# PROMPT
All of the entries need to be printed again exactly; pictures are the only thing to omit.
___ INFORMATION PROVIDED
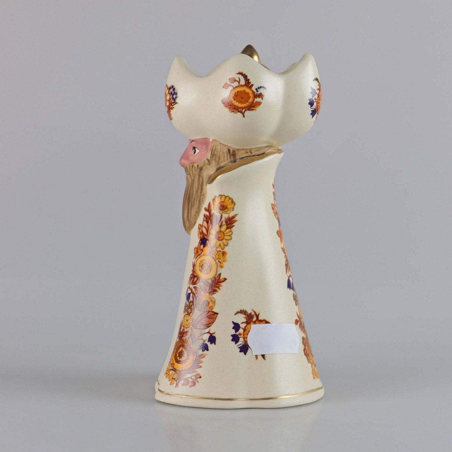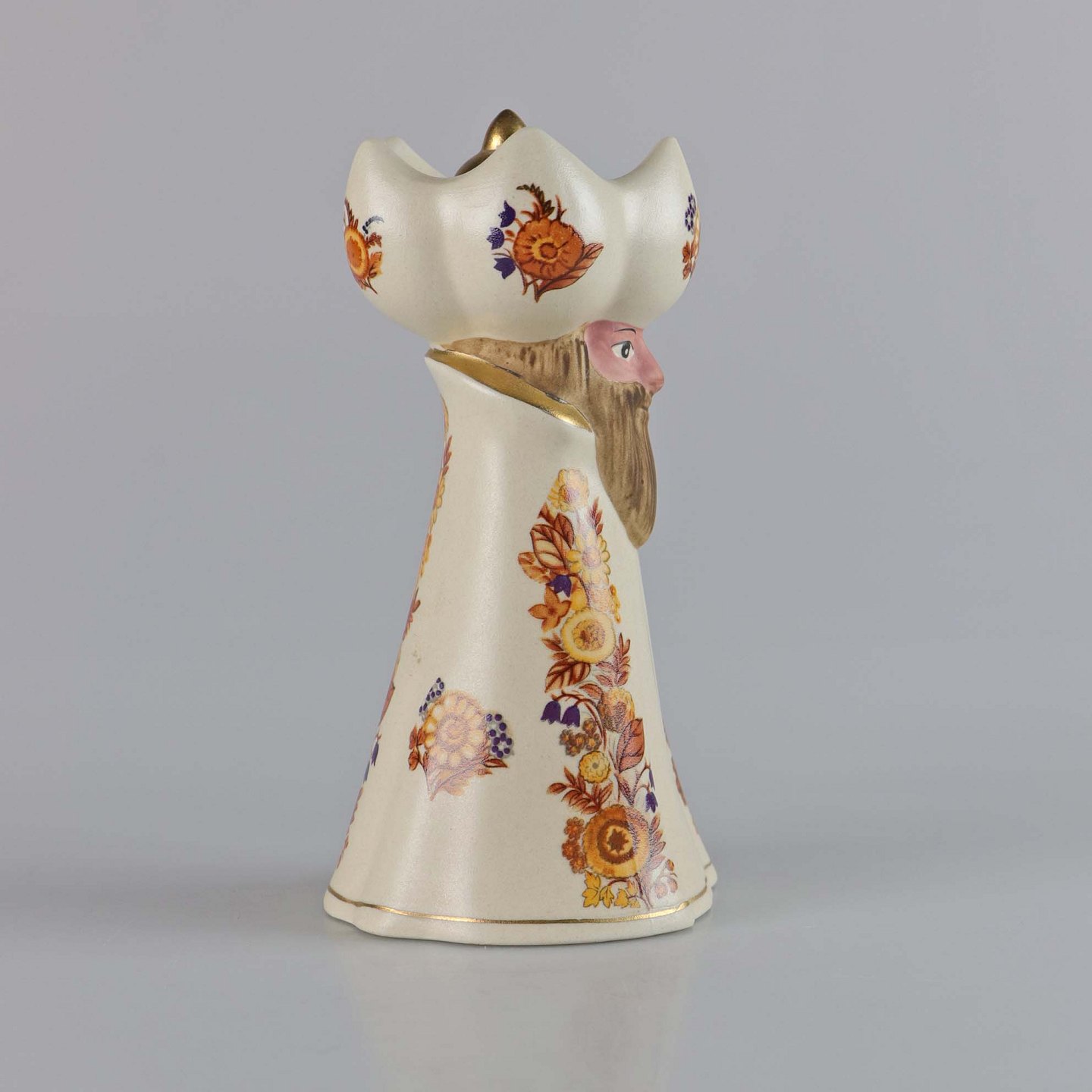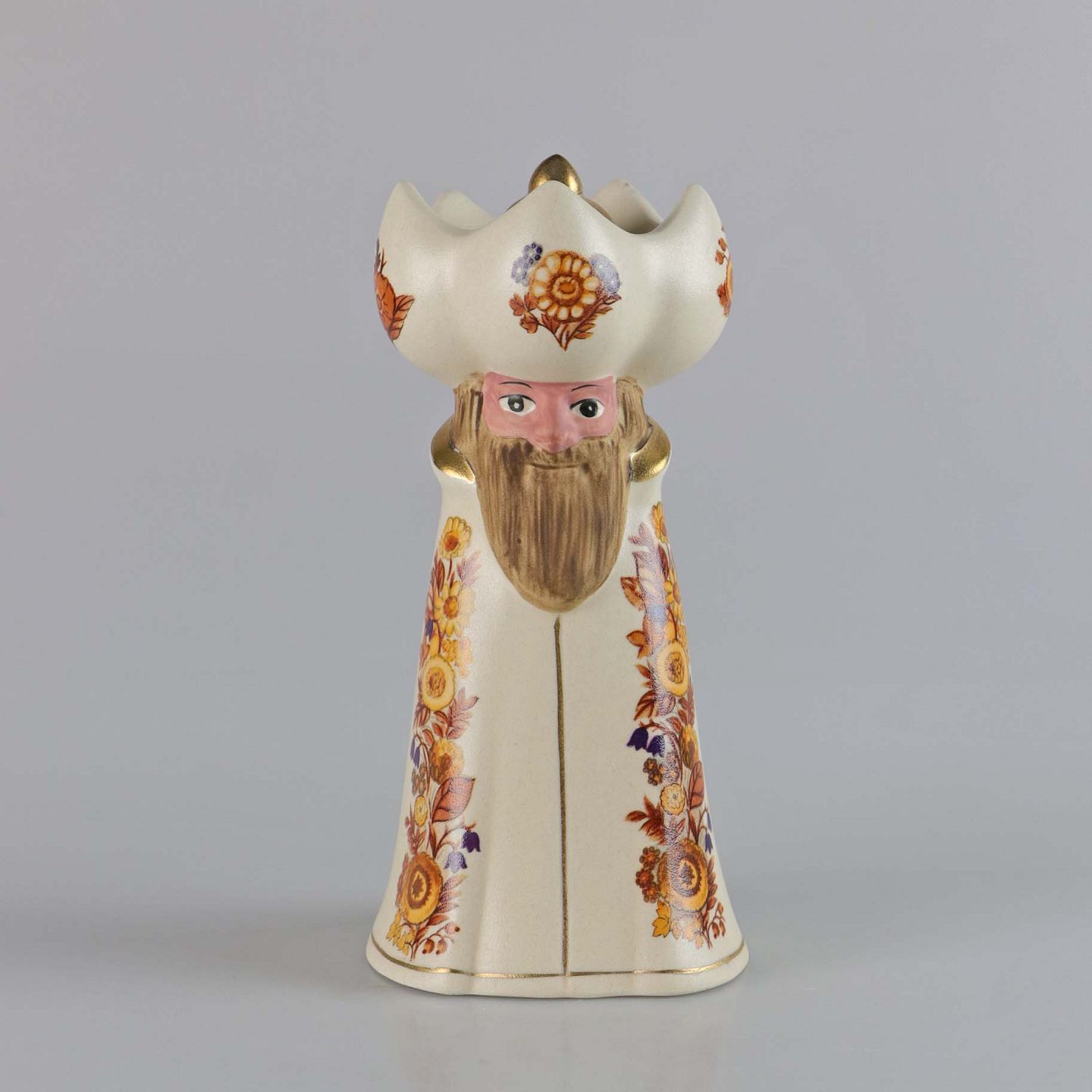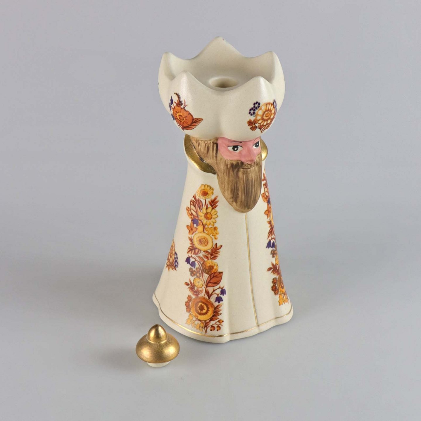 Figur i porcelæn. Kaspar fra De tre vise mænd. Når guldknoppen tages af, er der hul til et kerte lys. En af de hellige tre kongerProducent Mads Stage
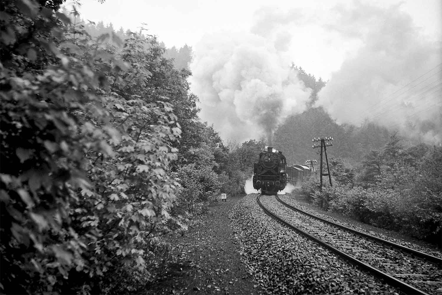 km 11,0 vor Grenzau - 082 021 (Bw Koblenz-Mosel) müht sich mit einem Güterzug - Blick Richtung Engers
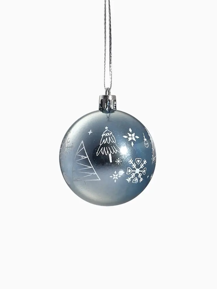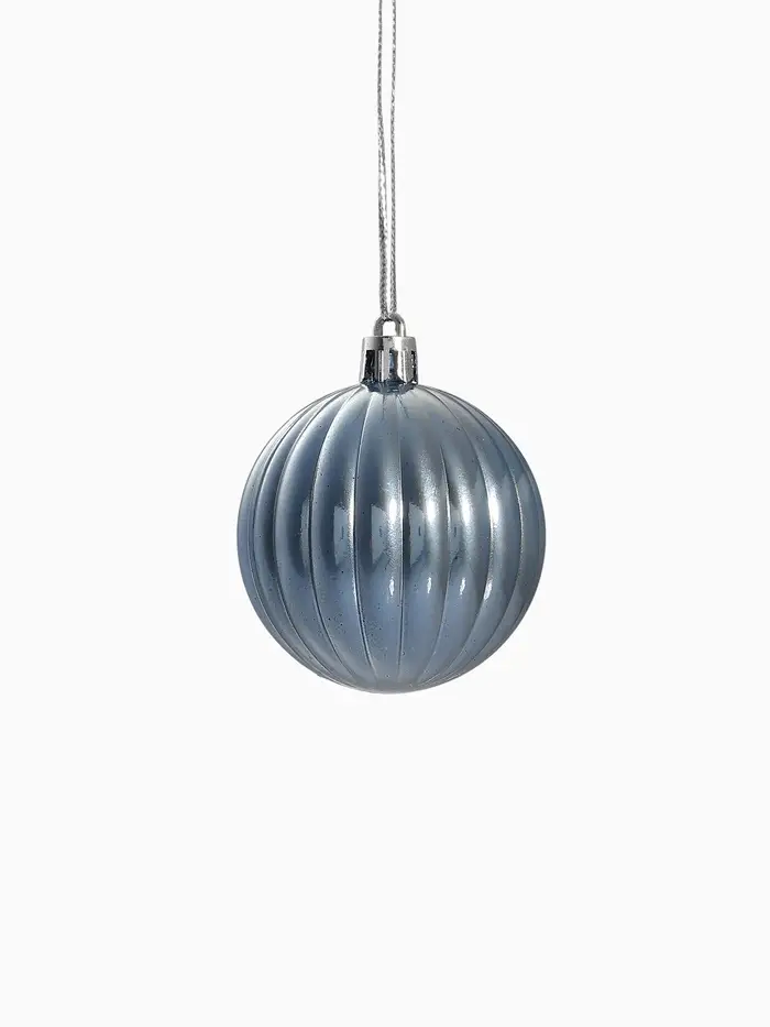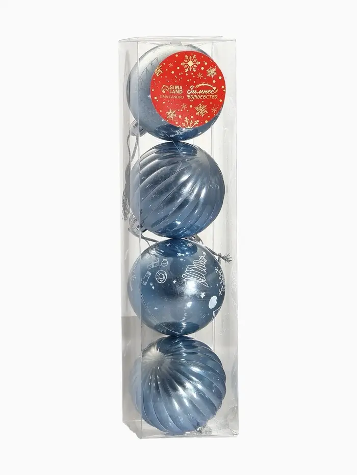 Набор из четырёх голубых шаров диаметром 5,5 см с полосатым рисунком выполнен в стиле шебби-шик. Эти пластиковые украшения добавляют нежности и винтажного шарма в новогодний декор, гармонично сочетаясь с другими праздничными элементами.
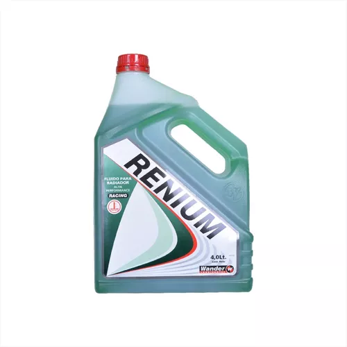 Fluido para radiadores de vehiculos de competición. elaborado con agua desmineralizada obtenida a través de un doble proceso de ósmosis inversa con una cantidad de partículas menor a 1ppm y un Ph 7 +/- 0.5. Comparado con un refrigerante que contenga al menos el 10% de aditivo anticongelante. Renium Racing es hasta un 12% más efectivo en la disipación de calor generado en el motor.
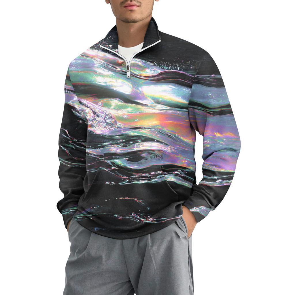 Мужской свободный повседневный свитшот на молнии 1/4, модный топ с длинным рукавом и принтом, с карманами
______
# SOLVED PROBLEM
 Figur i porcelæn. Kaspar fra De tre vise mænd. Når guldknoppen tages af, er der hul til et kerte lys. En af de hellige tre kongerProducent Mads Stage
 km 11,0 vor Grenzau - 082 021 (Bw Koblenz-Mosel) müht sich mit einem Güterzug - Blick Richtung Engers
 Набор из четырёх голубых шаров диаметром 5,5 см с полосатым рисунком выполнен в стиле шебби-шик. Эти пластиковые украшения добавляют нежности и винтажного шарма в новогодний декор, гармонично сочетаясь с другими праздничными элементами.
 Fluido para radiadores de vehiculos de competición. elaborado con agua desmineralizada obtenida a través de un doble proceso de ósmosis inversa con una cantidad de partículas menor a 1ppm y un Ph 7 +/- 0.5. Comparado con un refrigerante que contenga al menos el 10% de aditivo anticongelante. Renium Racing es hasta un 12% más efectivo en la disipación de calor generado en el motor.
 Мужской свободный повседневный свитшот на молнии 1/4, модный топ с длинным рукавом и принтом, с карманами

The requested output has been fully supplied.